Would you retype the whole listing exactly, leaving its pictures out?
* * * * *
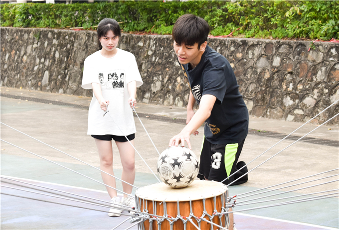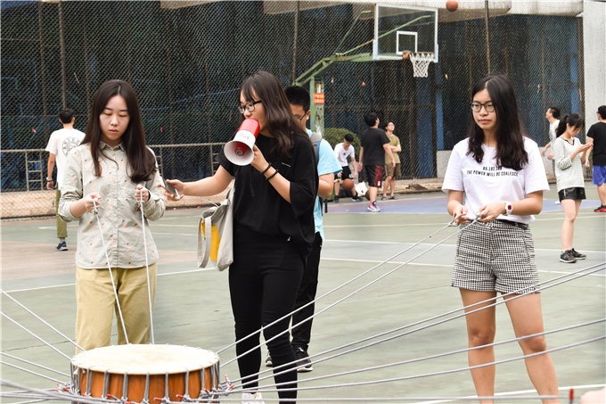 在比赛开始之前,工作人员先宣布了比赛规则。每队由11名同学组成,其中1名队长、10名队员,10名队员手拉雷霆鼓周围的绳子,将鼓原地拉起,队长负责将足球放在雷霆鼓上以及捡球。赛前练习时间为5分钟,正式比赛时间是3分钟。以颠球次数多者为胜。随后,一声哨响,比赛开始了,队长将足球稳定在鼓面上,足球随着雷霆鼓颠起,队员们左右移动、团结合作,如此不断循环往复。比赛结束后,工作人员公布了成绩,17级社会工作1班颠球50个、17级行政管理1班和2班颠球88个,犯规2次扣2球,最终成绩86个;16社会工作1班颠球41个、16行政管理1班和社会工作2班颠球48个。
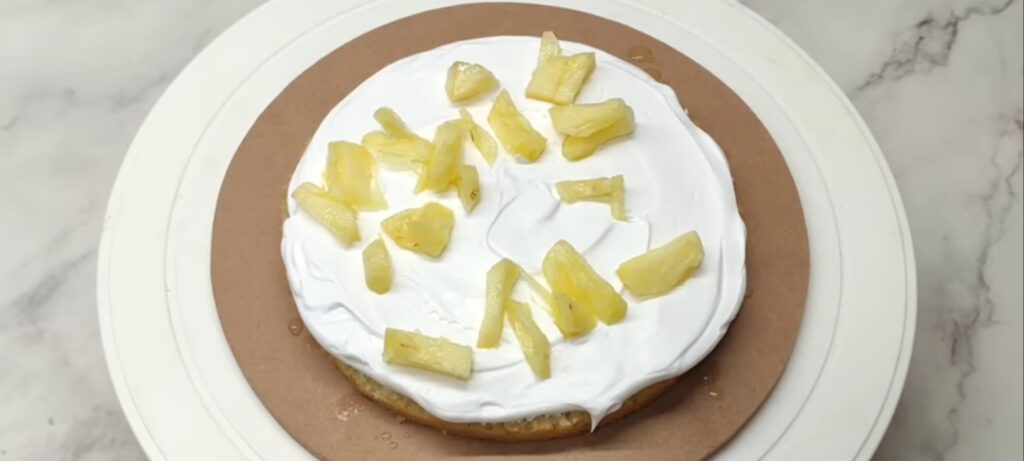 - Demold sponge. Trim upper layer. Slice sponge in three layers. Apply frosting on cake board. Apply pineapple sugar syrup. Add frosting and spread uniformly. Add pineapple slices. Place middle sponge layer and repeat the same process.
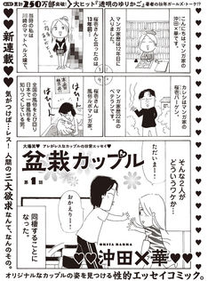 Read More本日5月18日発売のカジュアルファッションマガジン・Maybe! Vol.3(小学館)にて、沖田×華の新連載「盆栽カップル」がスタートした。 「盆栽カップル」は沖田と、その彼氏である桜壱バーゲンの“レス”な日常が描かれる…
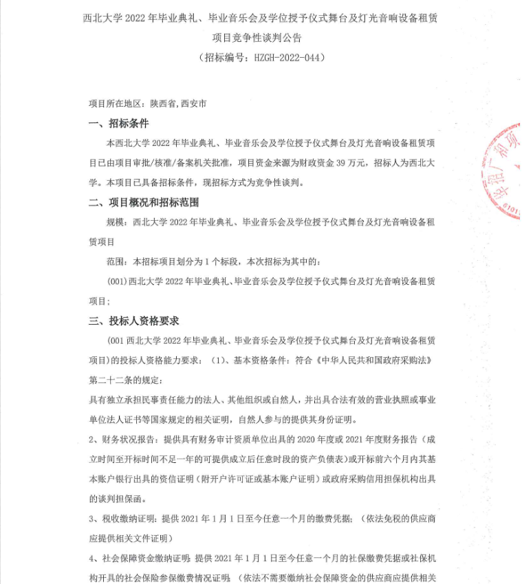 云博app官方在线入口2022年毕业典礼、毕业音乐会及学位授予仪式舞台及灯光音响设备租赁项目竞争性谈判公告
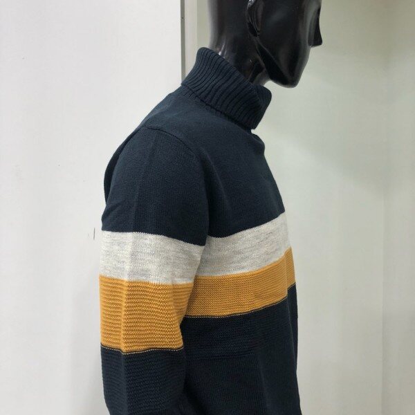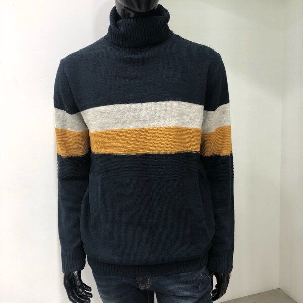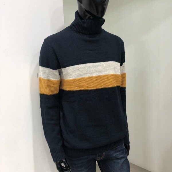 2018년 겨울 신상 남성 변형조직 블럭 터틀넥 스웨터 입니다. 변형조직과 양두조직의 서로 다른 조직감의 심플한 절개 포인트를 주었으며, 터틀넥 디테일로 보온성을 더해준 스웨터로 늦겨울까지 착용이 가능한 스웨터 입니다.
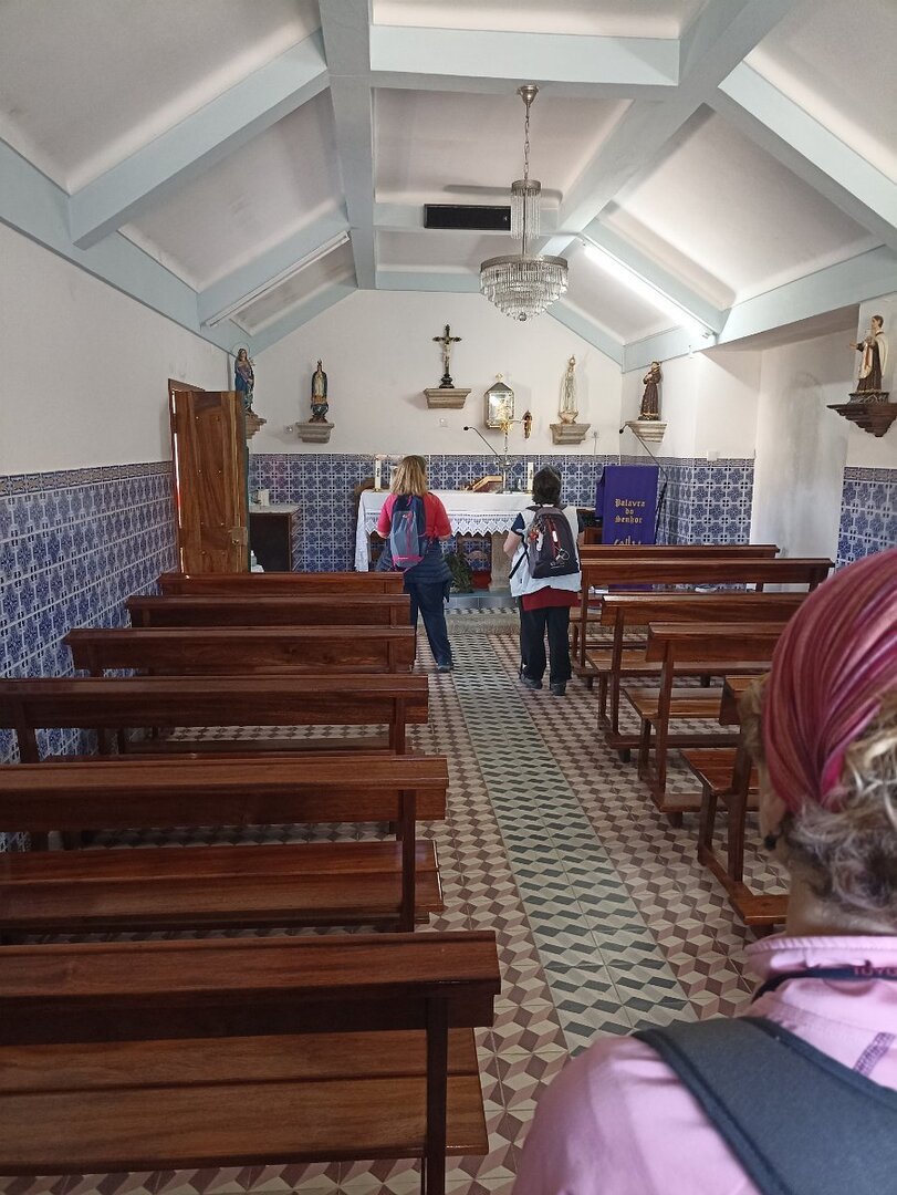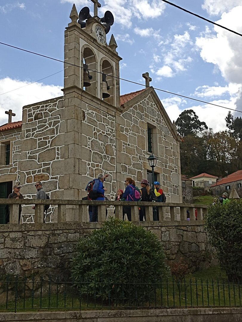 Chegados, e feito o reagrupamento com os que lá tinham ido ter, cerca 09H30 e com a participação de 32 caminheiros, iniciamos o percurso junto da igreja Paroquial de Boivães, em direção à aldeia de Armada / Ponte de Lima, bem lá mais no alto, onde teve lugar uma pequena paragem para aproveitar o café local. Aqui também visitamos a pequena capela de N. Srª da Conceição, que um morador gentilmente nos abriu e em cujo adro, belo miradouro sobre o vale do rio Trovela, se tirou a foto de grupo.
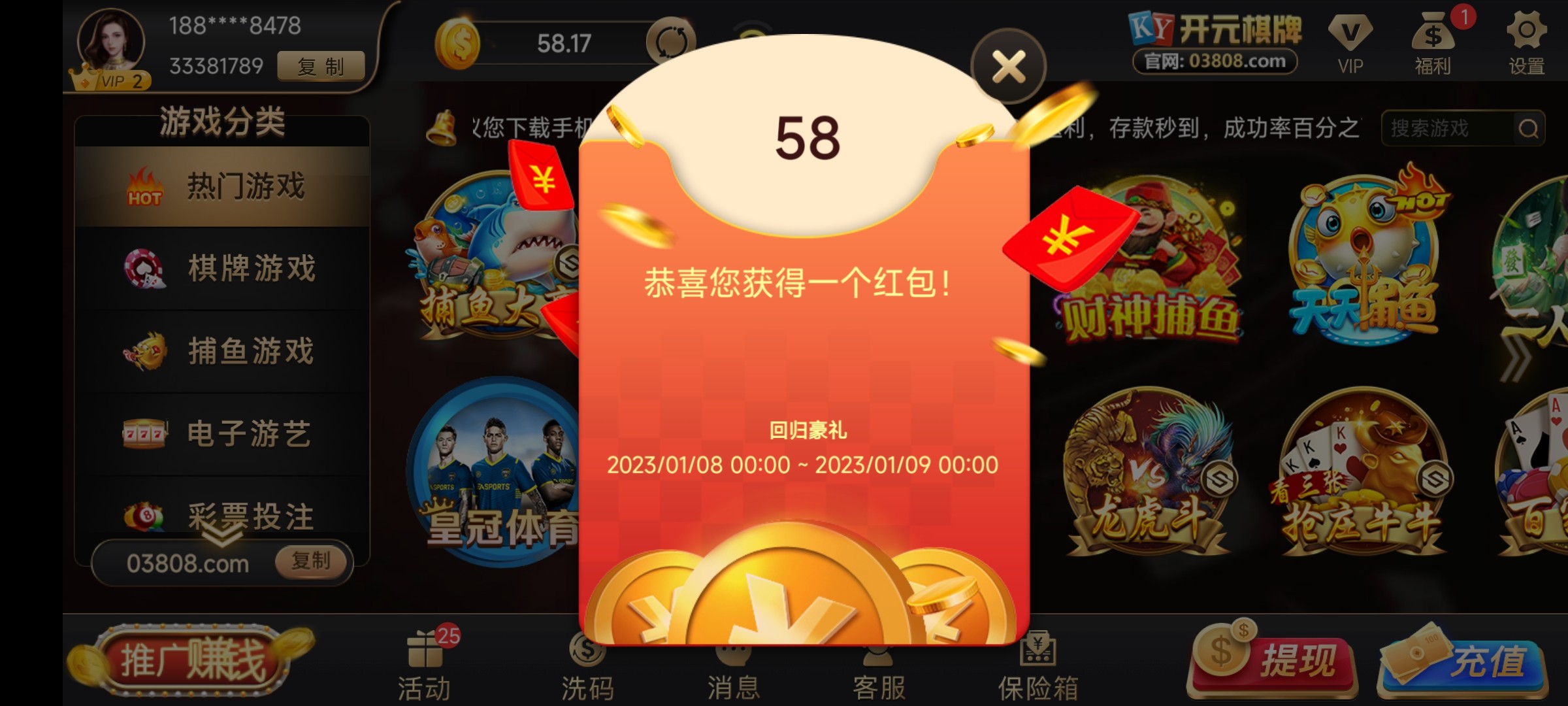 两个平台,上号直接弹出来,赶紧过去看看,等到6点会有逢8神秘红包,基本都是8或者18
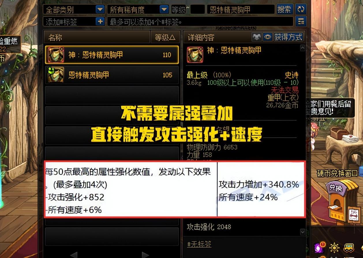 【2】恩特上衣,改版前“根據屬強增加852攻擊強化、6%速度,可疊加4次”,改版後“攻擊力增加340.8%,速度+24%”。
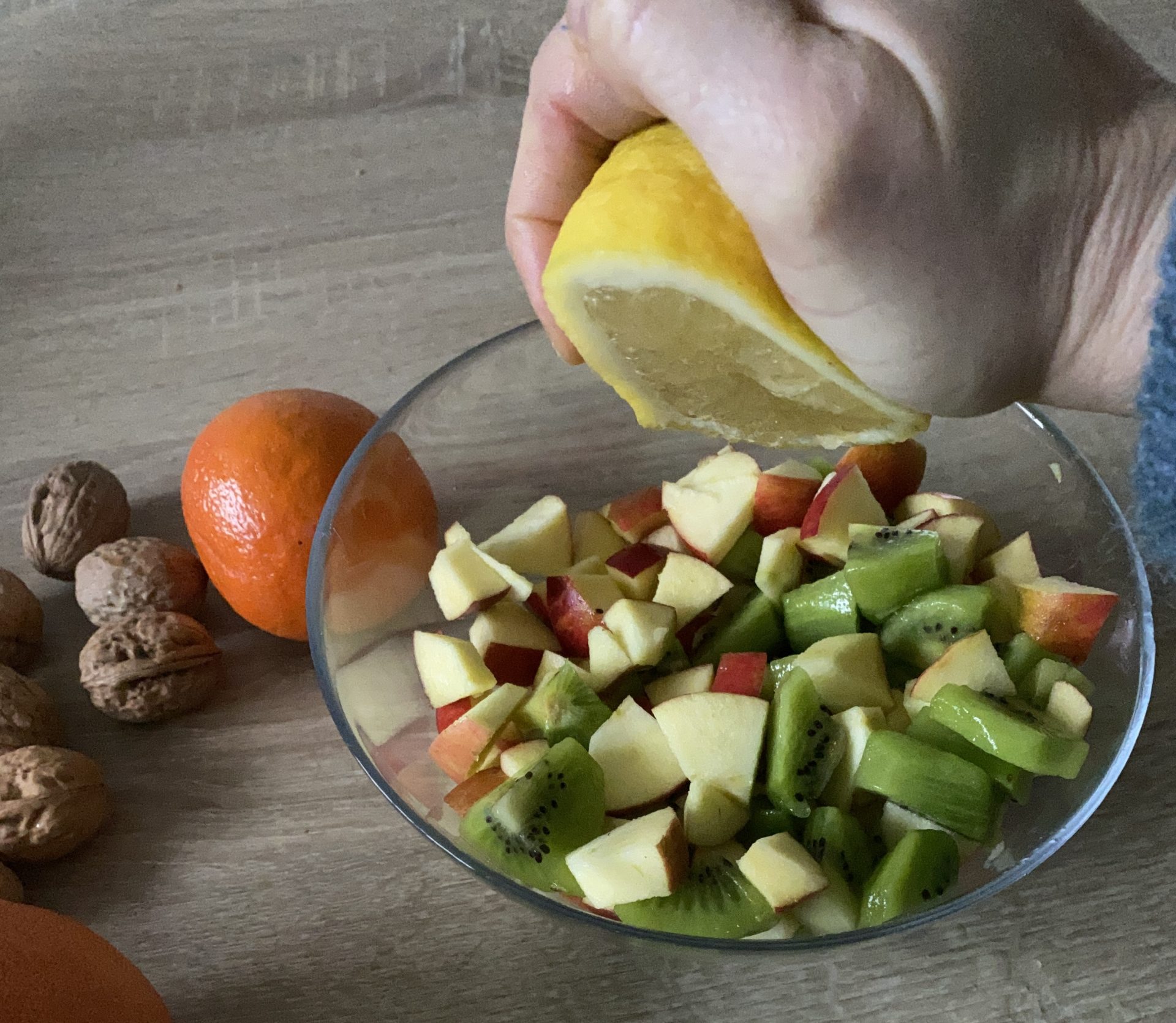 3. Pressez le jus du demi citron sur les fruits pour éviter qu’ils ne s’oxydent et ajouter encore un peu de vitamine C.
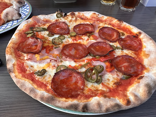 Read moreEs kam bei mir eine mega Pizza. Mehr als gut belegt und dann bemerkte ich das der Boden roh war zu 80 Prozent. Ich sagte sie sollen sie noch 10 Minuten in den Ofen tun. Nach 2 Minuten kam sie wieder und war immer noch roh. Zum Glück wurde die Kleinkinderportion Spaghetti in normaler Größe gebracht. So konnte ich da meinen Hunger stillen. Leider war ich von den Nudeln auch net begeistert sowie meine Freundin von ihren Spaghetti. Am Anfang kam ein kleiner Teller mit leckeren Oliven und italienischer Salami. Deswegen und wegen der supernetten Bedienung gab es sehr gut gemeinte 3 Sterne. Da leider auf der Rechnung die Pizza voll abgerechnet wurde und ein Wein anstatt einer Cola. Aber immerhin die Kinderportion die bestellt aber als normal gebracht wurde war vom Preis OK. Fazit. Etwas weniger Belag und länger im Ofen würden...
* * * * *
Exercise response:
 在比赛开始之前,工作人员先宣布了比赛规则。每队由11名同学组成,其中1名队长、10名队员,10名队员手拉雷霆鼓周围的绳子,将鼓原地拉起,队长负责将足球放在雷霆鼓上以及捡球。赛前练习时间为5分钟,正式比赛时间是3分钟。以颠球次数多者为胜。随后,一声哨响,比赛开始了,队长将足球稳定在鼓面上,足球随着雷霆鼓颠起,队员们左右移动、团结合作,如此不断循环往复。比赛结束后,工作人员公布了成绩,17级社会工作1班颠球50个、17级行政管理1班和2班颠球88个,犯规2次扣2球,最终成绩86个;16社会工作1班颠球41个、16行政管理1班和社会工作2班颠球48个。
 - Demold sponge. Trim upper layer. Slice sponge in three layers. Apply frosting on cake board. Apply pineapple sugar syrup. Add frosting and spread uniformly. Add pineapple slices. Place middle sponge layer and repeat the same process.
 Read More本日5月18日発売のカジュアルファッションマガジン・Maybe! Vol.3(小学館)にて、沖田×華の新連載「盆栽カップル」がスタートした。 「盆栽カップル」は沖田と、その彼氏である桜壱バーゲンの“レス”な日常が描かれる…
 云博app官方在线入口2022年毕业典礼、毕业音乐会及学位授予仪式舞台及灯光音响设备租赁项目竞争性谈判公告
 2018년 겨울 신상 남성 변형조직 블럭 터틀넥 스웨터 입니다. 변형조직과 양두조직의 서로 다른 조직감의 심플한 절개 포인트를 주었으며, 터틀넥 디테일로 보온성을 더해준 스웨터로 늦겨울까지 착용이 가능한 스웨터 입니다.
 Chegados, e feito o reagrupamento com os que lá tinham ido ter, cerca 09H30 e com a participação de 32 caminheiros, iniciamos o percurso junto da igreja Paroquial de Boivães, em direção à aldeia de Armada / Ponte de Lima, bem lá mais no alto, onde teve lugar uma pequena paragem para aproveitar o café local. Aqui também visitamos a pequena capela de N. Srª da Conceição, que um morador gentilmente nos abriu e em cujo adro, belo miradouro sobre o vale do rio Trovela, se tirou a foto de grupo.
 两个平台,上号直接弹出来,赶紧过去看看,等到6点会有逢8神秘红包,基本都是8或者18
 【2】恩特上衣,改版前“根據屬強增加852攻擊強化、6%速度,可疊加4次”,改版後“攻擊力增加340.8%,速度+24%”。
 3. Pressez le jus du demi citron sur les fruits pour éviter qu’ils ne s’oxydent et ajouter encore un peu de vitamine C.
 Read moreEs kam bei mir eine mega Pizza. Mehr als gut belegt und dann bemerkte ich das der Boden roh war zu 80 Prozent. Ich sagte sie sollen sie noch 10 Minuten in den Ofen tun. Nach 2 Minuten kam sie wieder und war immer noch roh. Zum Glück wurde die Kleinkinderportion Spaghetti in normaler Größe gebracht. So konnte ich da meinen Hunger stillen. Leider war ich von den Nudeln auch net begeistert sowie meine Freundin von ihren Spaghetti. Am Anfang kam ein kleiner Teller mit leckeren Oliven und italienischer Salami. Deswegen und wegen der supernetten Bedienung gab es sehr gut gemeinte 3 Sterne. Da leider auf der Rechnung die Pizza voll abgerechnet wurde und ein Wein anstatt einer Cola. Aber immerhin die Kinderportion die bestellt aber als normal gebracht wurde war vom Preis OK. Fazit. Etwas weniger Belag und länger im Ofen würden...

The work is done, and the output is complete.